Return to Blog

Context managers in Python

By John Lekberg on October 11, 2020.


This week's post is about context managers in Python. You will learn:

What are context managers? Why should I care?

Context managers (introduced in PEP 343) are Python objects that handle setup and teardown for resources like open files and database connections.

You should care about context managers because doing this setup and teardown by hand requires extra code that you can't forget to write, every time you work with that resource.

For example, I have a file of numbers

data.txt

61
25
51
77
66
11
53
51
96
76

I want to use Python to find the sum of these numbers, so I write this code:

print("opening file")
file = open("data.txt")
total = 0
for line in file:
    total += int(line)
print("closing file")
file.close()
print("total is", total)
opening file
closing file
total is 567

This seems to work fine, but it fails to close the file if an exception is raised:

data.txt

61
25
51
77
not a number
11
53
51
96
76
print("opening file")
file = open("data.txt")
total = 0
for line in file:
    total += int(line)
print("closing file")
file.close()
print("total is", total)
opening file
ValueError: invalid literal for int() with base 10: 'not a number\n'

(Notice that closing file is not printed.)

I can fix this by using a try-statement with a "finally" clause:

print("opening file")
file = open("data.txt")
try:
    total = 0
    for line in file:
        total += int(line)
finally:
    print("closing file")
    file.close()
print("total is", total)
opening file
closing file
ValueError: invalid literal for int() with base 10: 'not a number\n'

(Notice that closing file is printed, even though the exception is raised.)

Because this "try-finally" pattern is so common, Python added context managers to simplify this sort of code.

For example, since files are context managers, I can take this code:

file = open("data.txt")
try:
    total = 0
    for line in file:
        total += int(line)
finally:
    file.close()

And rewrite it to use a with-statement that activates the file's context manager:

with open("data.txt") as file:
    total = 0
    for line in file:
        total += int(line)

Context managers are just objects with __enter__ and __exit__ methods.

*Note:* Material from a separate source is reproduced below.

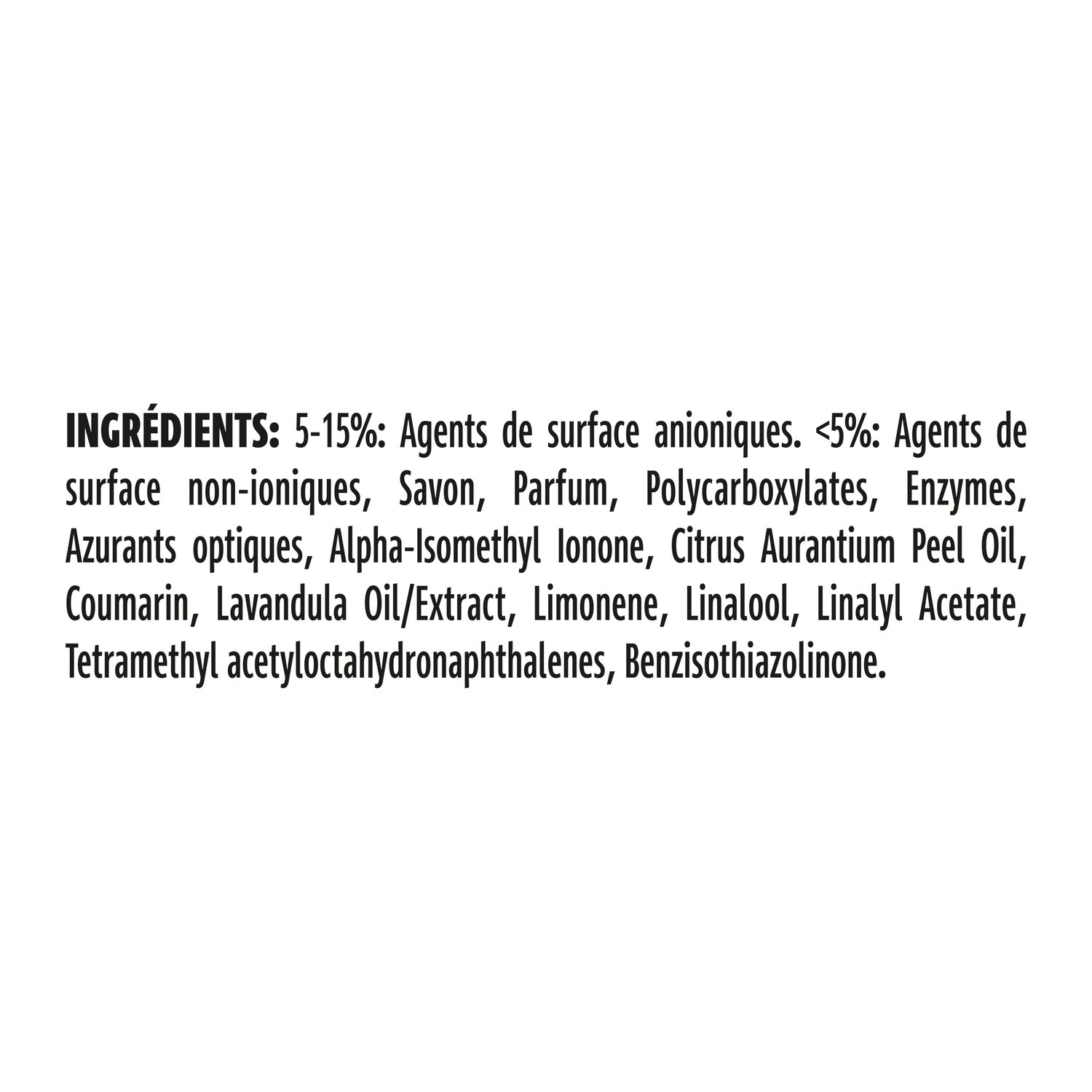 5-15%: Anionic surfactants. <5%: Non-ionic surfactants, Soap, Perfume, Polycarboxylates, Optical brighteners, Enzymes, Alpha-Isomethyl Ionone, Citrus Aurantium Peel Oil, Coumarin, Lavandula Oil/Extract, Limonene, Linalool, Linalyl Acetate, Tetramethyl Acetyloctahydronaphthalenes, Methylisothiazolinone, Octylisothiazolinone.

Any object with these methods is considered to be a context manager. __enter__ handles the setup. __exit__ handles the teardown.

Context managers are activated by the with-statement (introduced in PEP 343). __enter__ is called at the beginning of the statement, and __exit__ is called at the end of the statement. Any control flow that exits the statement -- like return, raise, break, or continue -- will also cause __exit__ to be called.

For the exact semantics of the with-statement, please refer to:

How Python uses context managers in the standard library

Python's standard library uses context managers in many different places, but there are 5 main patterns to keep in mind:

  1. Close and open files.
  2. Commit or rollback database transactions.
  3. Acquire and release concurrency locks.
  4. Start and shutdown concurrency/process managers.
  5. Handle specific scenarios with contextlib.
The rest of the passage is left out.